Repeat the records below exactly. Omit the pictures.

* [RECORDS FOR THE EXERCISE]:

★ ★ ★ ★ ★ ★ ★

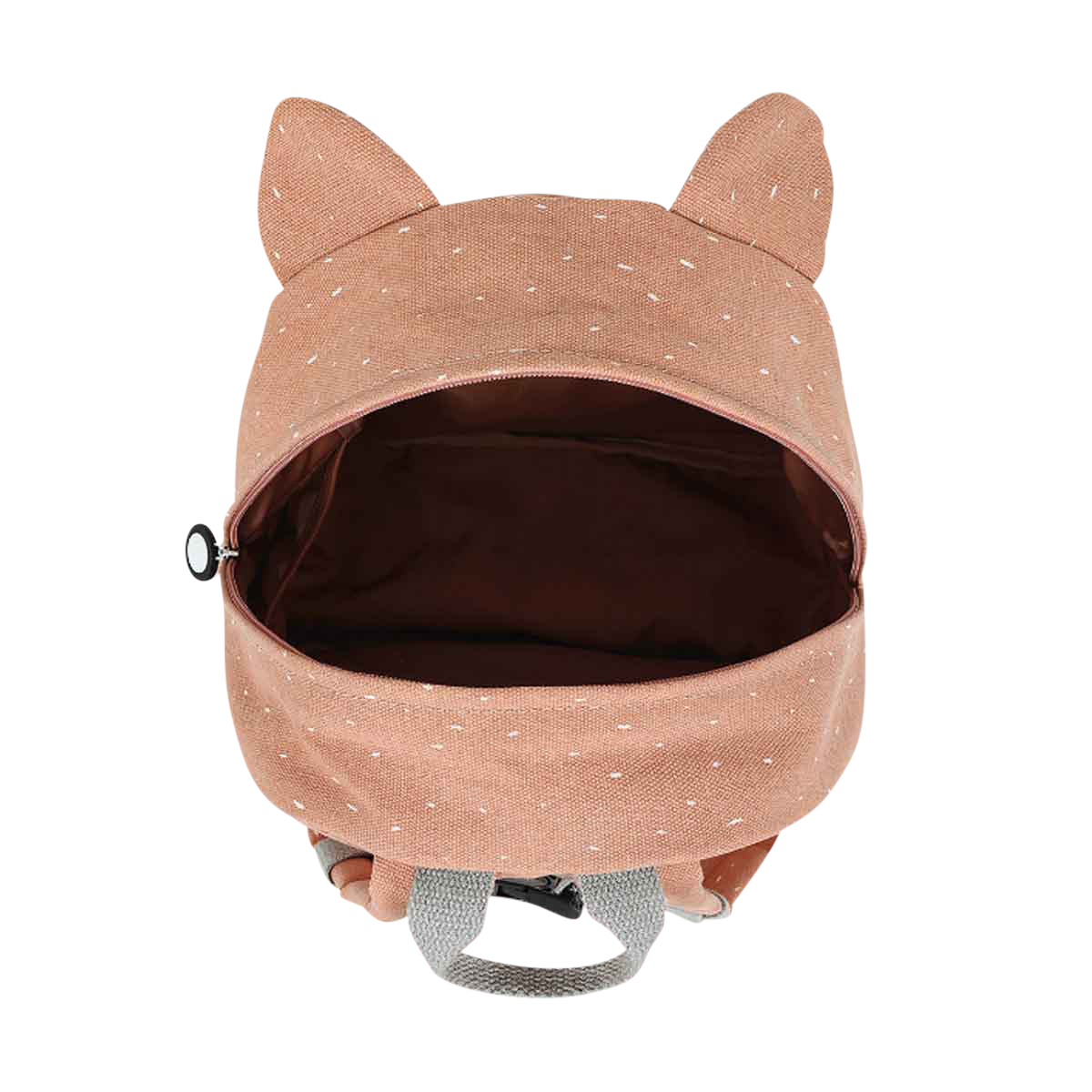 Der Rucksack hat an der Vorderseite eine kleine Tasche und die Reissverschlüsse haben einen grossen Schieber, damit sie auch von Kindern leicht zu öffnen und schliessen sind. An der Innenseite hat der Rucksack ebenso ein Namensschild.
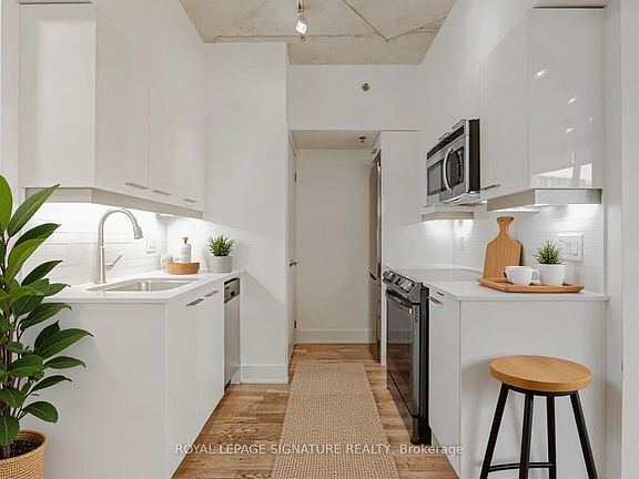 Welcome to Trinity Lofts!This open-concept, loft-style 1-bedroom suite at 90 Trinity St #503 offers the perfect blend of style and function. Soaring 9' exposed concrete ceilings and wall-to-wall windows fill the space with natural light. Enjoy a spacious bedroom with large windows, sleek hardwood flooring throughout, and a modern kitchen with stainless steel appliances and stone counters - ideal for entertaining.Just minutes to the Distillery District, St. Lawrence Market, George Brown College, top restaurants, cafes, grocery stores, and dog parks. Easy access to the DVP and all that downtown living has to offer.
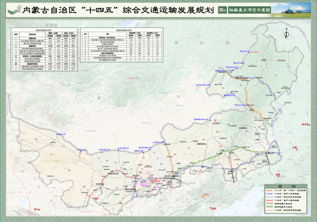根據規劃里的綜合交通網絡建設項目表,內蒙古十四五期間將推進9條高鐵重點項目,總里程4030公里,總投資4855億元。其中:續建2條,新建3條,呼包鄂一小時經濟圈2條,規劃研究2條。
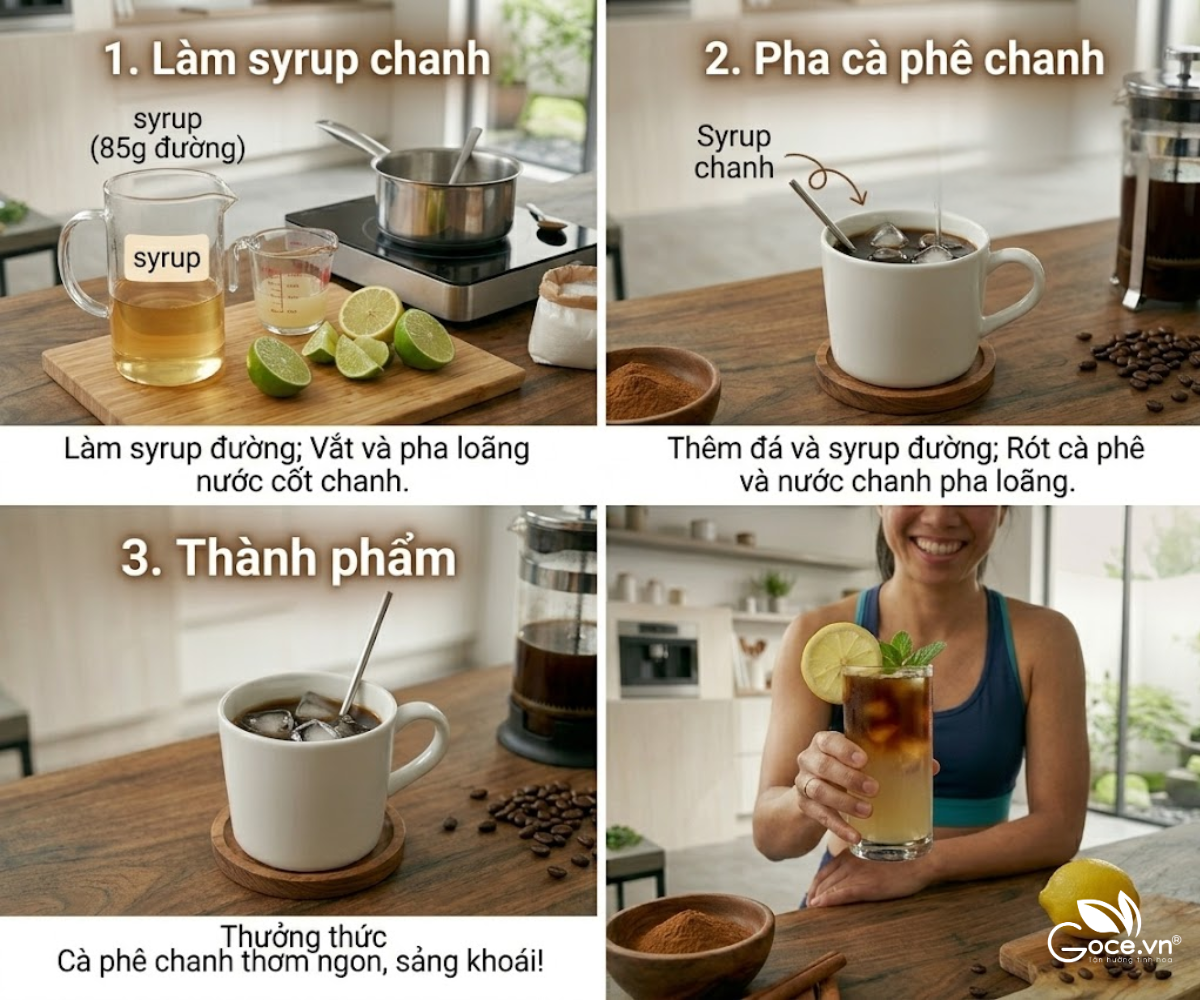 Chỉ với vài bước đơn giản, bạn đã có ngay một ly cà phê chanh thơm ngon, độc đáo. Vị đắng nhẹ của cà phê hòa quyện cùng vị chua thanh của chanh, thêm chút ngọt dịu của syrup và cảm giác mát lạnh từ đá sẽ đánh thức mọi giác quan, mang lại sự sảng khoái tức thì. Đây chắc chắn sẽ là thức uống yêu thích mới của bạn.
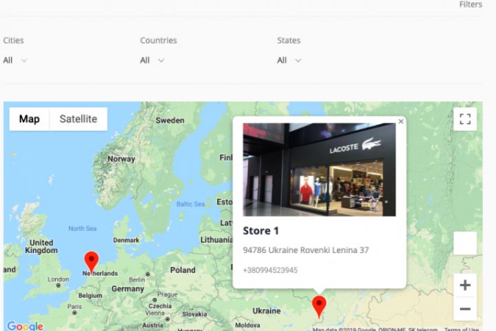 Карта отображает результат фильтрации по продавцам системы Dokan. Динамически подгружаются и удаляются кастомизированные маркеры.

★ ★ ★ ★ ★ ★ ★

* [WRITTEN REPLY]:
 Der Rucksack hat an der Vorderseite eine kleine Tasche und die Reissverschlüsse haben einen grossen Schieber, damit sie auch von Kindern leicht zu öffnen und schliessen sind. An der Innenseite hat der Rucksack ebenso ein Namensschild.
 Welcome to Trinity Lofts!This open-concept, loft-style 1-bedroom suite at 90 Trinity St #503 offers the perfect blend of style and function. Soaring 9' exposed concrete ceilings and wall-to-wall windows fill the space with natural light. Enjoy a spacious bedroom with large windows, sleek hardwood flooring throughout, and a modern kitchen with stainless steel appliances and stone counters - ideal for entertaining.Just minutes to the Distillery District, St. Lawrence Market, George Brown College, top restaurants, cafes, grocery stores, and dog parks. Easy access to the DVP and all that downtown living has to offer.
根據規劃里的綜合交通網絡建設項目表,內蒙古十四五期間將推進9條高鐵重點項目,總里程4030公里,總投資4855億元。其中:續建2條,新建3條,呼包鄂一小時經濟圈2條,規劃研究2條。
 Chỉ với vài bước đơn giản, bạn đã có ngay một ly cà phê chanh thơm ngon, độc đáo. Vị đắng nhẹ của cà phê hòa quyện cùng vị chua thanh của chanh, thêm chút ngọt dịu của syrup và cảm giác mát lạnh từ đá sẽ đánh thức mọi giác quan, mang lại sự sảng khoái tức thì. Đây chắc chắn sẽ là thức uống yêu thích mới của bạn.
 Карта отображает результат фильтрации по продавцам системы Dokan. Динамически подгружаются и удаляются кастомизированные маркеры.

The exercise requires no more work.